[DATA SUPPLIED Boundary: Start]

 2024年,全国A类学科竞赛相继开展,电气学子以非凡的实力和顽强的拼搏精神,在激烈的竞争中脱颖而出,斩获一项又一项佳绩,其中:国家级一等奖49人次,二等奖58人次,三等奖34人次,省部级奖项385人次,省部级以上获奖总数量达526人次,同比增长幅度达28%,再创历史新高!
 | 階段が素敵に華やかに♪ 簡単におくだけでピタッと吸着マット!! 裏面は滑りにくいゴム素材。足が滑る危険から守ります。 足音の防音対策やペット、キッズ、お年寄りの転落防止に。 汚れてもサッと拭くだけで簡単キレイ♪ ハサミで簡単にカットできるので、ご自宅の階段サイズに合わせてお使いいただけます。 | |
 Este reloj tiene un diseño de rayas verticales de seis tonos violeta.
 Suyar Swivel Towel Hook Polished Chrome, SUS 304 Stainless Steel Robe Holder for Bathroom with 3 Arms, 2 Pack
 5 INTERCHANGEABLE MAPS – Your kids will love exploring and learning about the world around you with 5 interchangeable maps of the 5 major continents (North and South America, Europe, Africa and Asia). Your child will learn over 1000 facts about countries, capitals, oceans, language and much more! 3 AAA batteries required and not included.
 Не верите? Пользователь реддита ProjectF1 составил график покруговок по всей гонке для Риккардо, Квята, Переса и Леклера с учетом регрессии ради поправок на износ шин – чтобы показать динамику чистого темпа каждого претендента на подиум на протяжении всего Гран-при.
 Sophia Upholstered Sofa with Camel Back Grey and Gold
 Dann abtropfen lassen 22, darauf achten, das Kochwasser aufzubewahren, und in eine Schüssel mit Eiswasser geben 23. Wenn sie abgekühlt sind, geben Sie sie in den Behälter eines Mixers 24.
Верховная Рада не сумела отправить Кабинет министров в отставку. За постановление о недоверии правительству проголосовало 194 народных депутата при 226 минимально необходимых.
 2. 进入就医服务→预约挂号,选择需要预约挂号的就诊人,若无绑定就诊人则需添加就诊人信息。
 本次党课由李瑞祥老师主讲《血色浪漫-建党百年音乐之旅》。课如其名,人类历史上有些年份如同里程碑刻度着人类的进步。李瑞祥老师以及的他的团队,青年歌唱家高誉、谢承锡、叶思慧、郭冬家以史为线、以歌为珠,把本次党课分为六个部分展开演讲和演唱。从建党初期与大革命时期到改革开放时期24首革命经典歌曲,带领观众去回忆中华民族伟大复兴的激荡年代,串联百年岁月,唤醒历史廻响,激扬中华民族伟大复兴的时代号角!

[DATA SUPPLIED Boundary: End]

ACTIVITY =>
Copy every entry exactly.

PROBLEM SOLUTION =>
 2024年,全国A类学科竞赛相继开展,电气学子以非凡的实力和顽强的拼搏精神,在激烈的竞争中脱颖而出,斩获一项又一项佳绩,其中:国家级一等奖49人次,二等奖58人次,三等奖34人次,省部级奖项385人次,省部级以上获奖总数量达526人次,同比增长幅度达28%,再创历史新高!
 | 階段が素敵に華やかに♪ 簡単におくだけでピタッと吸着マット!! 裏面は滑りにくいゴム素材。足が滑る危険から守ります。 足音の防音対策やペット、キッズ、お年寄りの転落防止に。 汚れてもサッと拭くだけで簡単キレイ♪ ハサミで簡単にカットできるので、ご自宅の階段サイズに合わせてお使いいただけます。 | |
 Este reloj tiene un diseño de rayas verticales de seis tonos violeta.
 Suyar Swivel Towel Hook Polished Chrome, SUS 304 Stainless Steel Robe Holder for Bathroom with 3 Arms, 2 Pack
 5 INTERCHANGEABLE MAPS – Your kids will love exploring and learning about the world around you with 5 interchangeable maps of the 5 major continents (North and South America, Europe, Africa and Asia). Your child will learn over 1000 facts about countries, capitals, oceans, language and much more! 3 AAA batteries required and not included.
 Не верите? Пользователь реддита ProjectF1 составил график покруговок по всей гонке для Риккардо, Квята, Переса и Леклера с учетом регрессии ради поправок на износ шин – чтобы показать динамику чистого темпа каждого претендента на подиум на протяжении всего Гран-при.
 Sophia Upholstered Sofa with Camel Back Grey and Gold
 Dann abtropfen lassen 22, darauf achten, das Kochwasser aufzubewahren, und in eine Schüssel mit Eiswasser geben 23. Wenn sie abgekühlt sind, geben Sie sie in den Behälter eines Mixers 24.
Верховная Рада не сумела отправить Кабинет министров в отставку. За постановление о недоверии правительству проголосовало 194 народных депутата при 226 минимально необходимых.
 2. 进入就医服务→预约挂号,选择需要预约挂号的就诊人,若无绑定就诊人则需添加就诊人信息。
 本次党课由李瑞祥老师主讲《血色浪漫-建党百年音乐之旅》。课如其名,人类历史上有些年份如同里程碑刻度着人类的进步。李瑞祥老师以及的他的团队,青年歌唱家高誉、谢承锡、叶思慧、郭冬家以史为线、以歌为珠,把本次党课分为六个部分展开演讲和演唱。从建党初期与大革命时期到改革开放时期24首革命经典歌曲,带领观众去回忆中华民族伟大复兴的激荡年代,串联百年岁月,唤醒历史廻响,激扬中华民族伟大复兴的时代号角!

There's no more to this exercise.